Just a late tip.  I place a large collindar (sp) in the sink when cleaning my casings just in case I lose one.  Sorry you have had a problem.


----------



## venture (Nov 14, 2011)

Those casings are slippery little critters.  Sometimes I think they are still alive, especially when I am trying to turn them inside out or fitting them over the stuffing horn? (think more water!)

For Italian, I use hog casings.  How did you like the sheep casings?
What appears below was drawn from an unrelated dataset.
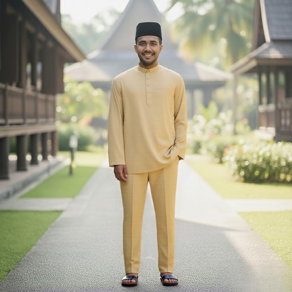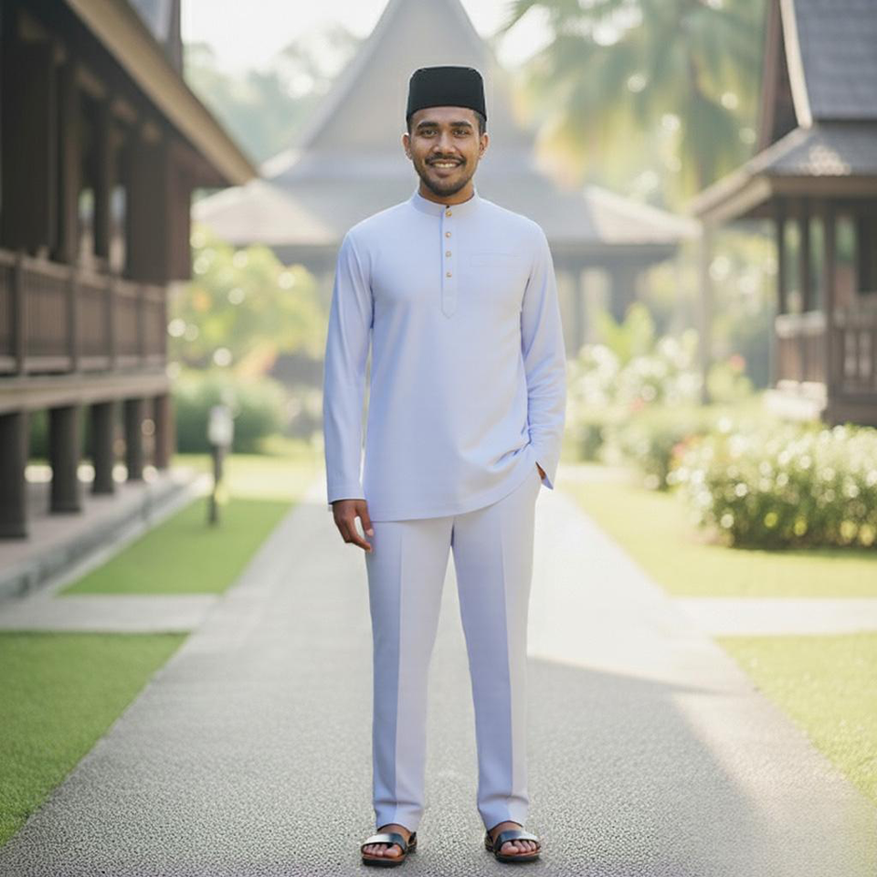 Wholesale China Fujian Supplier Johor Heritage Baju Melayu Teluk Belanga Ironless German Cotton S-5XL Casual Autumn Raya 2025

Good luck and good smoking.


----------



## daveomak (Nov 14, 2011)

MD, evening... If you are still at it... try throwing ice cubes down there... the ice may cut the casings up into little chunks and your troubles may be over..... with any luck at all.....    bride uses that method for chicken fat that gets down there... seems to work at times....   Dave


----------



## scarbelly (Nov 15, 2011)

If you are not on a septic system you can also use egg shells. The shells break up into sharp pieces that could possibly cut thru the casings. If you are on septic do not use this method as the shells are not biodegradable.


----------



## venture (Nov 15, 2011)

In the old days they told us to run a Coke bottle thru the disposer.  I definitely would not recommend that!

As Gary said, some egg shells or a wedge of lemon now and then wouldn't hurt.
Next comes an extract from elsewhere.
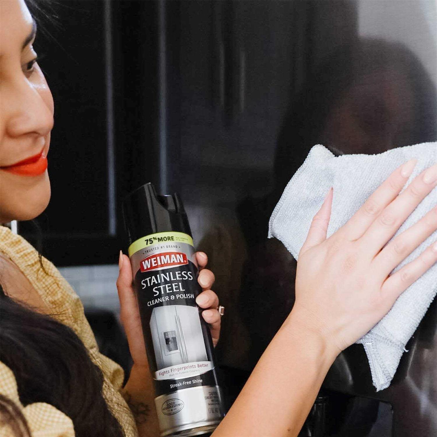 This Weiman stainless steel cleaner and polish is the #1-rated product for stainless steel care on the market. Specially formulated for stainless steel surfaces, Weiman stainless steel cleaner and polish is excellent for removing dirt, residue, fingerprints, water spots and whatever other markings you notice on your stainless steel. It provides a brilliant, streak-free shine without any hard rubbing. Perfect for use on refrigerators, dishwashers, ovens and more.

I do not recommend potato skins, and at all cost please avoid parsley stems!  LOL

Good luck and good smoking.


----------



## mdboatbum (Nov 15, 2011)

Unfortunately the casing was apparently in there for a few days. Didn't realize it until the disposer stopped spinning, so ice or eggshells would be a moot point. I've tried using the allen key to spin the motor from underneath, and it will turn but slowly and with a bit of effort. My guess is that the casing is wrapped around the shaft of the grinder. My last ditch effort will be drano, in hopes it might dissolve the casing. After that I'll just get a new one. The good thing is we live in an apartment so it shouldn't cost us anything. The bad thing is we have to wait until they get around to it and live with the cheap contractor grade disposer they'll put in, and hope they don't screw it up too badly. The maintenance staff here are notoriously nonchalant and sloppy.
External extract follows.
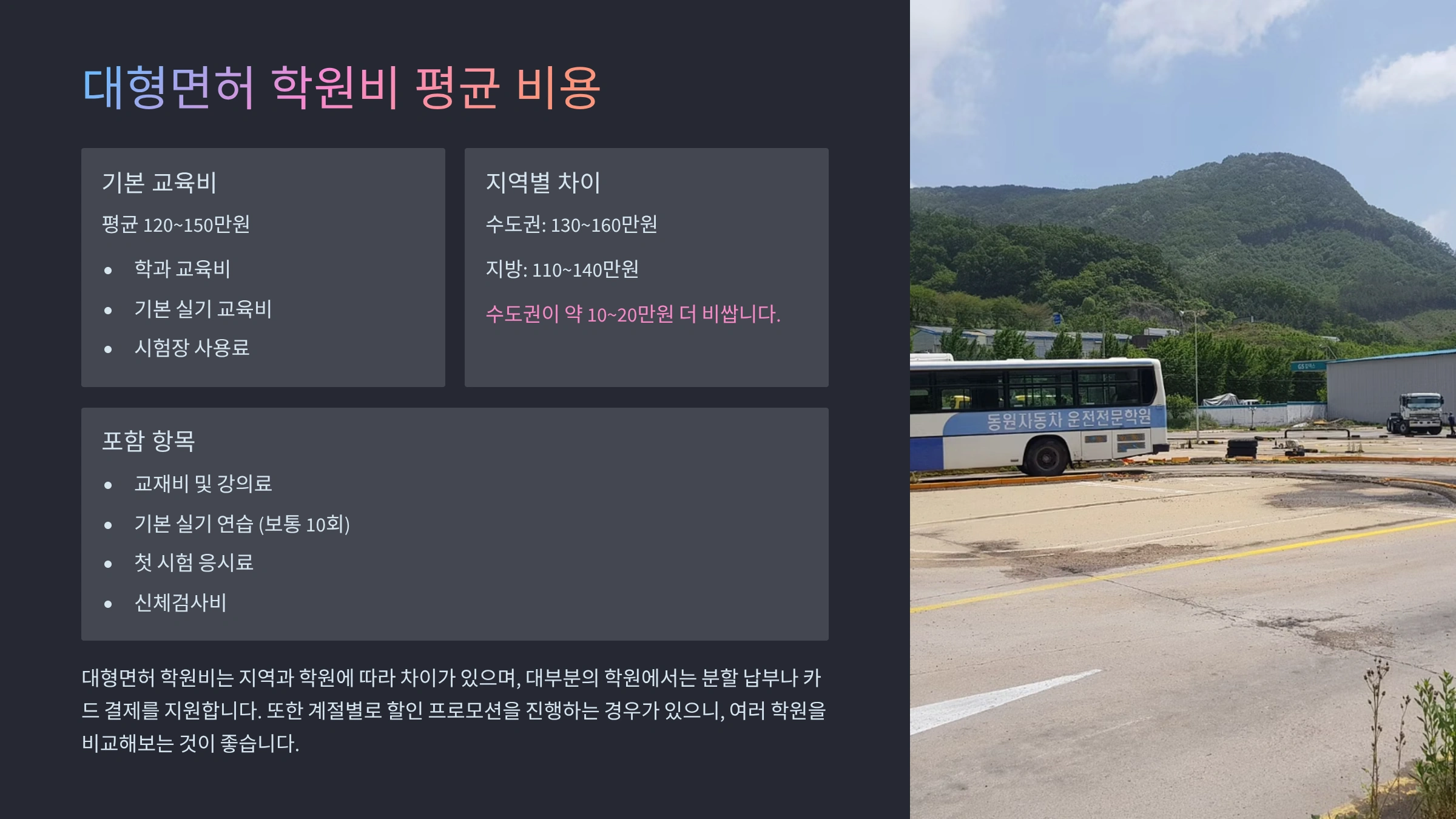 대형면허 학원비에는 보통 시험 응시료는 포함되지 않는 경우가 많아요. 즉, 학원 등록비 외에 시험 응시료(약 3~4만 원)와 재응시 시 추가 비용이 별도로 들어간다는 점을 고려해야 해요.

As for the sheep casings, they were pretty good. I was looking for hog casings but sheep was all they had.


----------



## retread (Nov 15, 2011)

When I was a kid, we would use a strong stick of some kind, when the disposer jammed (Broomstick or hockey stick or something like that).  We'd stick it down from the top and rotate the grinder backwards. That generally worked back then and I have used a similar idea a couple of times in the past few years.


----------



## SmokinAl (Nov 15, 2011)

I bet drano will work.


----------



## smokeamotive (Nov 15, 2011)

As a former apartment maint. man, many many moons ago, I had seen a number of obsured items put in a garbage disposal. As far as your problem goes, if you have a decent disposal and don't want them to put in the heapy cheapy one, you can remove the disposal and break the case open at the grinder plate and extract the casing. It requires a few tools, but isn't that hard to do.


----------



## daveomak (Nov 15, 2011)

Also hydrogen peroxide may work... it attacks anything organic... (if I remember correctly)... couldn't hurt...  Dave


----------